- GIVEN ENTRIES

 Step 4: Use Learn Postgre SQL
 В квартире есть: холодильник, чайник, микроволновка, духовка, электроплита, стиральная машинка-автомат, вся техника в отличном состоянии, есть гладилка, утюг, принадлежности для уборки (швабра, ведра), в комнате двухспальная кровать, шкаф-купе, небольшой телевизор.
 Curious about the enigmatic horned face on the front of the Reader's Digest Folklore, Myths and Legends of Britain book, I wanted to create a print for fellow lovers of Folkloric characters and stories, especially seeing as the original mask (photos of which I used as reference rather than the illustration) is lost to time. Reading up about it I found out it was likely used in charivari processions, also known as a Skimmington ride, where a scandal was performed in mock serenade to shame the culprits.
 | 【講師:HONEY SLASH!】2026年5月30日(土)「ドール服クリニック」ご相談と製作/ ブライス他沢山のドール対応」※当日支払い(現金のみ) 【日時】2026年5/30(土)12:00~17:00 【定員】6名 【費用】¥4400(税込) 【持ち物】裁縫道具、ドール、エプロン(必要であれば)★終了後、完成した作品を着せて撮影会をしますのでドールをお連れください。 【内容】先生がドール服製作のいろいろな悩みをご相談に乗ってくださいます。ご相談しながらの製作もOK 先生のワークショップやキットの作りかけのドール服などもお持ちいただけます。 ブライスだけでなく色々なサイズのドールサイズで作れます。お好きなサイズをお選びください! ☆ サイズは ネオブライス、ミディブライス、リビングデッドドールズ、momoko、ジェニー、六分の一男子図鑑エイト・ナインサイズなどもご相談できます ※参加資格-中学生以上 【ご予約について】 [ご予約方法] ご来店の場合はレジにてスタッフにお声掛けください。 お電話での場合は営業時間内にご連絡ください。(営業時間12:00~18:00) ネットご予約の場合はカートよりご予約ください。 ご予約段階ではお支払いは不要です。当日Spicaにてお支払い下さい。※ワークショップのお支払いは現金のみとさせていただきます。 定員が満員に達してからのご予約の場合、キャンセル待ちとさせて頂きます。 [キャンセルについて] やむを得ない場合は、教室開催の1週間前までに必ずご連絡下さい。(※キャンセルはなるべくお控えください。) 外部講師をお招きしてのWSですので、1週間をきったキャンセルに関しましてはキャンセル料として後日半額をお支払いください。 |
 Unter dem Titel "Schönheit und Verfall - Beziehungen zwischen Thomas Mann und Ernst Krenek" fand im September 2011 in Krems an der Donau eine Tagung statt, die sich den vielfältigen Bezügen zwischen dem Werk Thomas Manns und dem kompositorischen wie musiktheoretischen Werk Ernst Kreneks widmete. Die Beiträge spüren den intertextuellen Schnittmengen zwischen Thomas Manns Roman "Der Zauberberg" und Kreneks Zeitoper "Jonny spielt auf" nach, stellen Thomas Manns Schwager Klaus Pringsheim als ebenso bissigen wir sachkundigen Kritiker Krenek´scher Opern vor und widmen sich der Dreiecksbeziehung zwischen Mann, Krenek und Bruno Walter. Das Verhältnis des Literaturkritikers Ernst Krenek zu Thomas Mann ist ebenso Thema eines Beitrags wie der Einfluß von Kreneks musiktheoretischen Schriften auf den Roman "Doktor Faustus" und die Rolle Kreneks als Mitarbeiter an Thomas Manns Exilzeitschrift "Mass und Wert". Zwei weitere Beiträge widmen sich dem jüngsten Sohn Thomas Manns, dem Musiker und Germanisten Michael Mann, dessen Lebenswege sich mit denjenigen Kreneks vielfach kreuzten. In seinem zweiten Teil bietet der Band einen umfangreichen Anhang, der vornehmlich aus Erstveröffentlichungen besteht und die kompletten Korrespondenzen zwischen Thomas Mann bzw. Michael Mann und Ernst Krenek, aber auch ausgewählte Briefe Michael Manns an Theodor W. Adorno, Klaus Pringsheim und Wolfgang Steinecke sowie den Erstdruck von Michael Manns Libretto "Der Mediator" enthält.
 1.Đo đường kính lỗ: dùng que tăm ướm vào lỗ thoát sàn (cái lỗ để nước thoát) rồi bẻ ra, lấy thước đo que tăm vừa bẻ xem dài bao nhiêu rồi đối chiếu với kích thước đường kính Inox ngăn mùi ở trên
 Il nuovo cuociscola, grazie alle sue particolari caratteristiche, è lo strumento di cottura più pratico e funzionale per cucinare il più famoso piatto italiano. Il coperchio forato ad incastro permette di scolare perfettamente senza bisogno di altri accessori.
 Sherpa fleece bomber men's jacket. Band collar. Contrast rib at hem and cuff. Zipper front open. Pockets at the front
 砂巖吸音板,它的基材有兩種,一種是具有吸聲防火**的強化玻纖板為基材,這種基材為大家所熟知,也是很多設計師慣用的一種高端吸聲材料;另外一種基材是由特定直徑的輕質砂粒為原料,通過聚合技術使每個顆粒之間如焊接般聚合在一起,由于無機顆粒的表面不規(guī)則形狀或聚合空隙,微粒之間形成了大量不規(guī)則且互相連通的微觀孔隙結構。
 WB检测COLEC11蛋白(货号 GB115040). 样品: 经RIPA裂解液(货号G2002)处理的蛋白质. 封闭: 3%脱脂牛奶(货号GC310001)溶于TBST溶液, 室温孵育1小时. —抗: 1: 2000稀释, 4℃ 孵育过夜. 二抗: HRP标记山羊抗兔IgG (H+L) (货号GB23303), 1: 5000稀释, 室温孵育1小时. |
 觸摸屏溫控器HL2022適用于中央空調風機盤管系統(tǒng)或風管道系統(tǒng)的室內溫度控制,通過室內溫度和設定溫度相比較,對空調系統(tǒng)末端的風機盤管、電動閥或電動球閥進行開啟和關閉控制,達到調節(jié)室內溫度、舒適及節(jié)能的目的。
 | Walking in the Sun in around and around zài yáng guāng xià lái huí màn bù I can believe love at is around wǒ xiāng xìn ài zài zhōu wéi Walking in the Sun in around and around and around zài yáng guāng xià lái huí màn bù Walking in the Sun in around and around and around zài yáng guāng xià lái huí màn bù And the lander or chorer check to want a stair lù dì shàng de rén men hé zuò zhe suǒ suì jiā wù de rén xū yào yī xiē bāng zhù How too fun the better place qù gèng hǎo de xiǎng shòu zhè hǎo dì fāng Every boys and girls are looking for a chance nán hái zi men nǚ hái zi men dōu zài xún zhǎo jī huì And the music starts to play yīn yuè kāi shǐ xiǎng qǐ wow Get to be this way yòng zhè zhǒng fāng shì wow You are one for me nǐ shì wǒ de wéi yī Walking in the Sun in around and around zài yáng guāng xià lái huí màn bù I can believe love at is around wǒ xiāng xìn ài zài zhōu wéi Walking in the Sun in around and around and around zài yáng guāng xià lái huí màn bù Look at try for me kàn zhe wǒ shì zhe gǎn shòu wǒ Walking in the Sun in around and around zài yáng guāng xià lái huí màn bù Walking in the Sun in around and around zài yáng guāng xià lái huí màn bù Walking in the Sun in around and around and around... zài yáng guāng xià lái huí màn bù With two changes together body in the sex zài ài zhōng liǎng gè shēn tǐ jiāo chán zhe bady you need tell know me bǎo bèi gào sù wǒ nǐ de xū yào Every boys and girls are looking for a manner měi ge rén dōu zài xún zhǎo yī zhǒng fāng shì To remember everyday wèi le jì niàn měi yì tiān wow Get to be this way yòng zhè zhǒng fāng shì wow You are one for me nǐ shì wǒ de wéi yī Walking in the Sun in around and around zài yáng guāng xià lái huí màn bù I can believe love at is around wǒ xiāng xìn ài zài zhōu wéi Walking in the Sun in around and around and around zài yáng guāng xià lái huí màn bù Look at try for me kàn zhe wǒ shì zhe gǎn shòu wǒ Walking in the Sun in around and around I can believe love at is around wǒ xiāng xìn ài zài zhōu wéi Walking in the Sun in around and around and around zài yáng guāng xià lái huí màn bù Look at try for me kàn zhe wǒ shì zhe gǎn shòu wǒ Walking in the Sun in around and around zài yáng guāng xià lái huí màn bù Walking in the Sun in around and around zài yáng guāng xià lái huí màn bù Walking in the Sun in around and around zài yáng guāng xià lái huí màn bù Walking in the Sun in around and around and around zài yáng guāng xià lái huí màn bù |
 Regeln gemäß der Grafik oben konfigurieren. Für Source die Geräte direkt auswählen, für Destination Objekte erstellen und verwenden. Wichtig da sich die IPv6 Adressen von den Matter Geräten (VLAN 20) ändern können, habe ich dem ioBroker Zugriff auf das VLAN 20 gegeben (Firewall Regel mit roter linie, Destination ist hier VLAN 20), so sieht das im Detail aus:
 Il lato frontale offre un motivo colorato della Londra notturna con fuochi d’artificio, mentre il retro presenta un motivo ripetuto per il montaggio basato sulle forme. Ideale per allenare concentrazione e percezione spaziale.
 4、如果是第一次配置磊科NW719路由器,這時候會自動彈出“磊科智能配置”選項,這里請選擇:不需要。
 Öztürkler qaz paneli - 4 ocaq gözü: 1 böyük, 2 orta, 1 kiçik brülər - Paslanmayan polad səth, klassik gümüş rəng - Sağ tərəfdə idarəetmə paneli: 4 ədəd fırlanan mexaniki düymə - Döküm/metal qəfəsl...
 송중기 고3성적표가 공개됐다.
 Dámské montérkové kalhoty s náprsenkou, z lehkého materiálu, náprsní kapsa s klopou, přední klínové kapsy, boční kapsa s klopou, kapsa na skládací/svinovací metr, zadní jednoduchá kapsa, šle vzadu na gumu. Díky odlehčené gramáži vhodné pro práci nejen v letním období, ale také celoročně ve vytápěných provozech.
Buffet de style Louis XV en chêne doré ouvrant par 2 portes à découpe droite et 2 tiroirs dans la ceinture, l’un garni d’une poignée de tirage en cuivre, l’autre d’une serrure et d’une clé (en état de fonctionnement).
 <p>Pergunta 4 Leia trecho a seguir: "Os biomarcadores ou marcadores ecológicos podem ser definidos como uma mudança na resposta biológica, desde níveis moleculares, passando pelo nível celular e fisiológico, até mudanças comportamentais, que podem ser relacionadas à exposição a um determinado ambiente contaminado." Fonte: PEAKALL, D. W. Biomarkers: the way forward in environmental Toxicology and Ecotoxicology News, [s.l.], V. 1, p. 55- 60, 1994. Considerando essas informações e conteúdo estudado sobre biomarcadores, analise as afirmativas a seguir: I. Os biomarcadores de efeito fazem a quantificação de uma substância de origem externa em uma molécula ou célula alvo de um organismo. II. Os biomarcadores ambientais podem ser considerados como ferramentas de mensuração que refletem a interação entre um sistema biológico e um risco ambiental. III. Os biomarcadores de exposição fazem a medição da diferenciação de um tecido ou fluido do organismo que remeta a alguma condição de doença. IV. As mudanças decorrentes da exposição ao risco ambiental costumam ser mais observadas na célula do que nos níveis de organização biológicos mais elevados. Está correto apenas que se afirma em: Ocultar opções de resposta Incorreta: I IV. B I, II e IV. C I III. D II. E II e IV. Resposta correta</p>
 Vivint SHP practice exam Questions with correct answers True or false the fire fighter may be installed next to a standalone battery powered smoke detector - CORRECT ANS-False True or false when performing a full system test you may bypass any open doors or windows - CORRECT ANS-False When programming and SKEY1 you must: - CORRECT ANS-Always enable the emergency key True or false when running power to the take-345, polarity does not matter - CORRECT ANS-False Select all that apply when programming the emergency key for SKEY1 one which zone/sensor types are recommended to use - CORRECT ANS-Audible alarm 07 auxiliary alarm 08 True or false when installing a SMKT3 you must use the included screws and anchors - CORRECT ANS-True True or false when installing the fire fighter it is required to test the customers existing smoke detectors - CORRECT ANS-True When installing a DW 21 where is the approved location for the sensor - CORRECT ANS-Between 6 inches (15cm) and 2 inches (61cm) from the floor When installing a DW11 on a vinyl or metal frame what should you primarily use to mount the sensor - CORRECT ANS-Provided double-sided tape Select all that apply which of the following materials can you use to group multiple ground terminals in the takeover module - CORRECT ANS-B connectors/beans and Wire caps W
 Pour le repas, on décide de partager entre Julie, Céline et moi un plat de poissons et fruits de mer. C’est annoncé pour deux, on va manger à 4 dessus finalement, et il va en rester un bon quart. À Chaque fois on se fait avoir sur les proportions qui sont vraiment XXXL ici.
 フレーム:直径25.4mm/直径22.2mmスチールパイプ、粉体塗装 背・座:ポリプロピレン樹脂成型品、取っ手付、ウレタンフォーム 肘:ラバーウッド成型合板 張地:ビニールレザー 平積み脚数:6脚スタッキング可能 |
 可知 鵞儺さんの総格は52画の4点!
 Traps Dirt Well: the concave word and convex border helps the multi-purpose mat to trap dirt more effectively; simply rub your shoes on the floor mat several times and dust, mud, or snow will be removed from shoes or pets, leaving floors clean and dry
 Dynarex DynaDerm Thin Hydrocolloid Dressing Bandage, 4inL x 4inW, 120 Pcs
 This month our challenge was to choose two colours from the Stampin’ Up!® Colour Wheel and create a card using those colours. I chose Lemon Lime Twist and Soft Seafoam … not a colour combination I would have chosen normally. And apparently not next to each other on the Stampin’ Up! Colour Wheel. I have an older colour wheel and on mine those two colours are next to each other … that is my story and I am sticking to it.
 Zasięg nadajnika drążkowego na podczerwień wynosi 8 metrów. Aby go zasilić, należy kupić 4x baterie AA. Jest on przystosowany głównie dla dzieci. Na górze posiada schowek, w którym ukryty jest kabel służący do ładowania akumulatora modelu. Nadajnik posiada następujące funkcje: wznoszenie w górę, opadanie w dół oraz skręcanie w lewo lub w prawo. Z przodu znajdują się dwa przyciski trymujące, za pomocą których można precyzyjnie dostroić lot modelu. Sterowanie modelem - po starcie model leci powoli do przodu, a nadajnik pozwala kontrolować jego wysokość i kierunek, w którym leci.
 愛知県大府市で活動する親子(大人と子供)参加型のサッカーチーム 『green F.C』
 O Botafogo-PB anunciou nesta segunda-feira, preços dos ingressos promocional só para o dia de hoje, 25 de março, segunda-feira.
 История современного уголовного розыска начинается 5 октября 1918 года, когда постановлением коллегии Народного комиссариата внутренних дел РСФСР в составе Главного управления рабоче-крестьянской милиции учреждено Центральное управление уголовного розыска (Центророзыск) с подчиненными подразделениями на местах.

- WHAT YOU SHOULD DO
Reproduce, exactly and with both ends included, every line from the one that contains "Zasięg nadajnika drążkowego" to the end of the listing above.

- RESPONSE AREA
 Zasięg nadajnika drążkowego na podczerwień wynosi 8 metrów. Aby go zasilić, należy kupić 4x baterie AA. Jest on przystosowany głównie dla dzieci. Na górze posiada schowek, w którym ukryty jest kabel służący do ładowania akumulatora modelu. Nadajnik posiada następujące funkcje: wznoszenie w górę, opadanie w dół oraz skręcanie w lewo lub w prawo. Z przodu znajdują się dwa przyciski trymujące, za pomocą których można precyzyjnie dostroić lot modelu. Sterowanie modelem - po starcie model leci powoli do przodu, a nadajnik pozwala kontrolować jego wysokość i kierunek, w którym leci.
 愛知県大府市で活動する親子(大人と子供)参加型のサッカーチーム 『green F.C』
 O Botafogo-PB anunciou nesta segunda-feira, preços dos ingressos promocional só para o dia de hoje, 25 de março, segunda-feira.
 История современного уголовного розыска начинается 5 октября 1918 года, когда постановлением коллегии Народного комиссариата внутренних дел РСФСР в составе Главного управления рабоче-крестьянской милиции учреждено Центральное управление уголовного розыска (Центророзыск) с подчиненными подразделениями на местах.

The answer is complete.